** Information supplied **
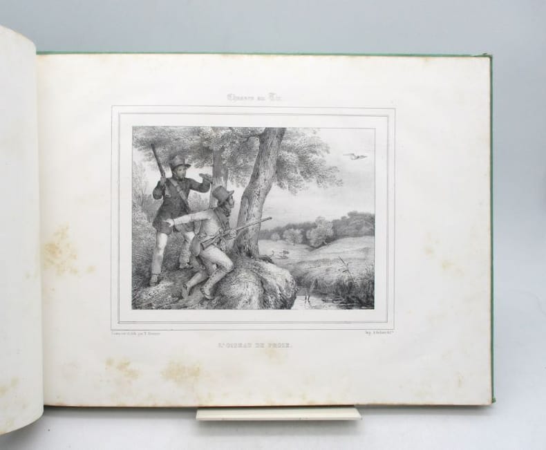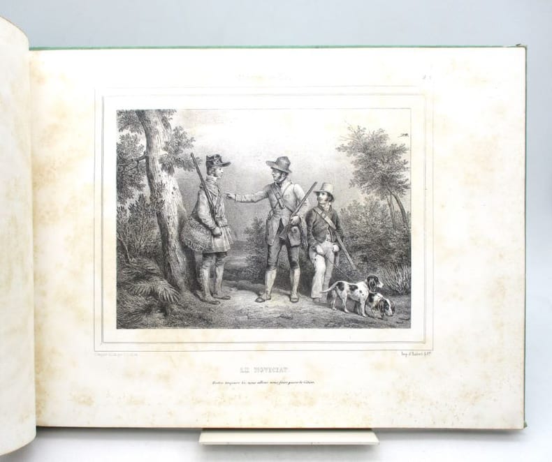 1840 Paris AUBERT ,sans date vers 1840,IN FOLIO oblong,titre illustre + 33 planches lithographiées en noir,complet,plats detaches,mouillures claires en coin sur l’ensemble des planches,+ catalogue editeur,fentes en marge sans manque a 2 planches ,tirage moyen ,dans l’etat- Remise de 20% pour toutes commandes égales ou supérieures à 100 €.
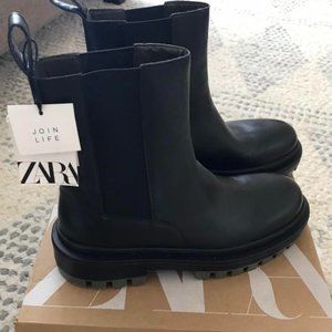 Zara chunky lug sole chelsea boots! Brand new in the box never worn, size 9!
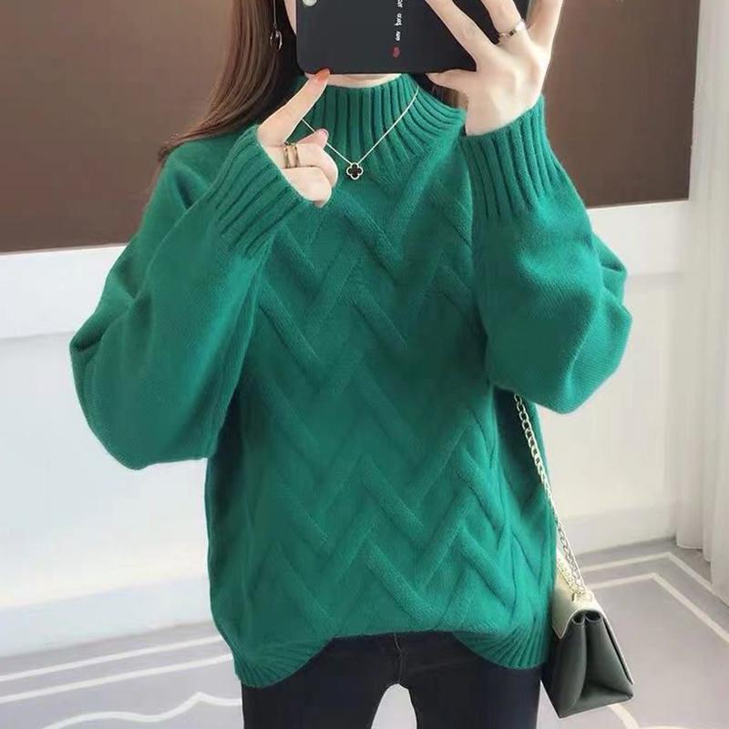 Cold-proof Solid Color Turtleneck Sweater Female Autumn Large Size Warm Sweater Thickening
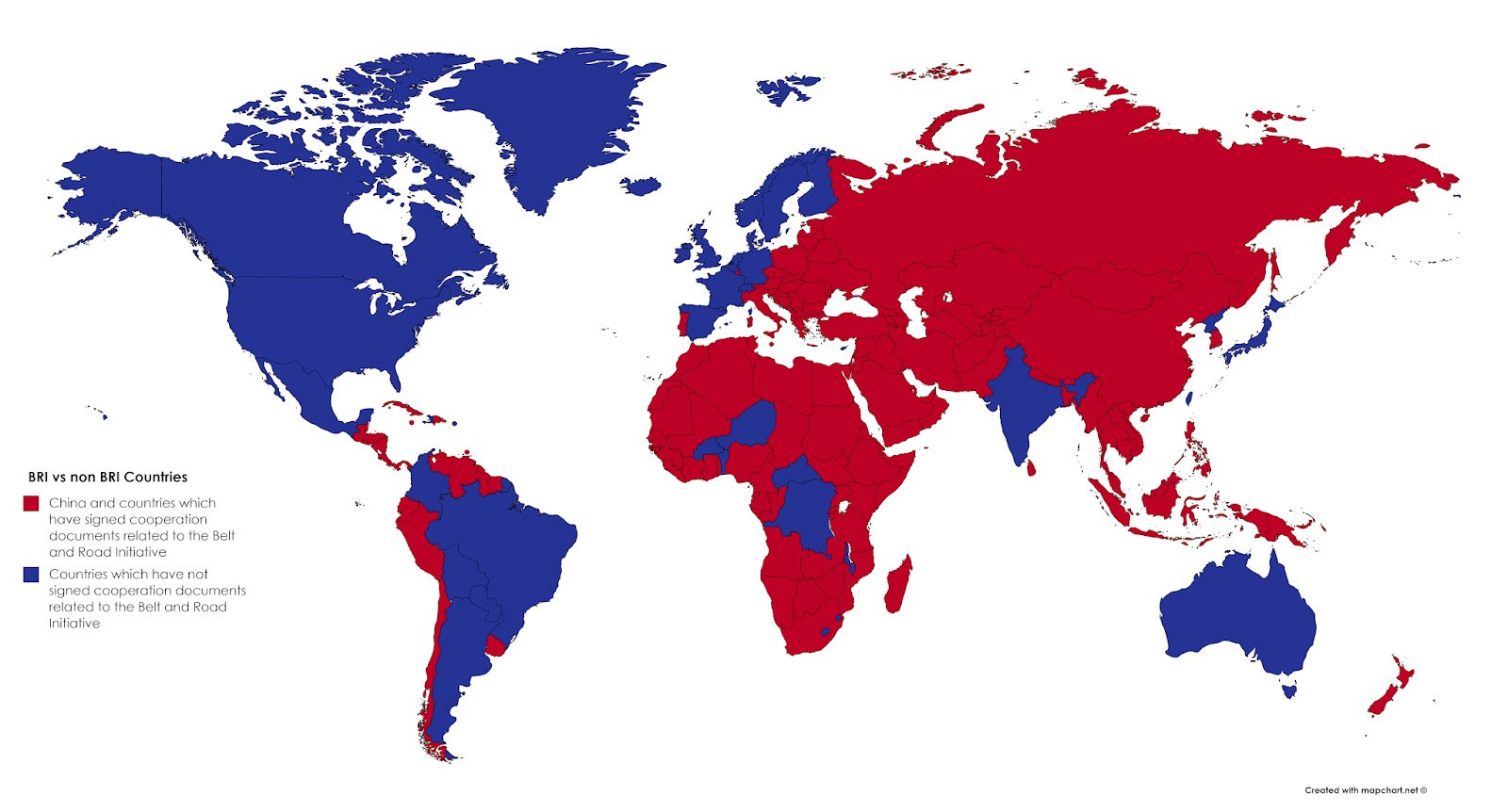 イギリス人が第三次世界大戦の対戦国をレッド(中国の一帯一路イニシアチブに署名した国)とブルー(していない国)に分けて図にした

** How to complete this task **
Only the lines starting at the one that holds "Zara chunky lug" and ending at the last line of the data belong in your answer. Please set them down exactly and omit the pictures.

** Answer to this task **
 Zara chunky lug sole chelsea boots! Brand new in the box never worn, size 9!
 Cold-proof Solid Color Turtleneck Sweater Female Autumn Large Size Warm Sweater Thickening
 イギリス人が第三次世界大戦の対戦国をレッド(中国の一帯一路イニシアチブに署名した国)とブルー(していない国)に分けて図にした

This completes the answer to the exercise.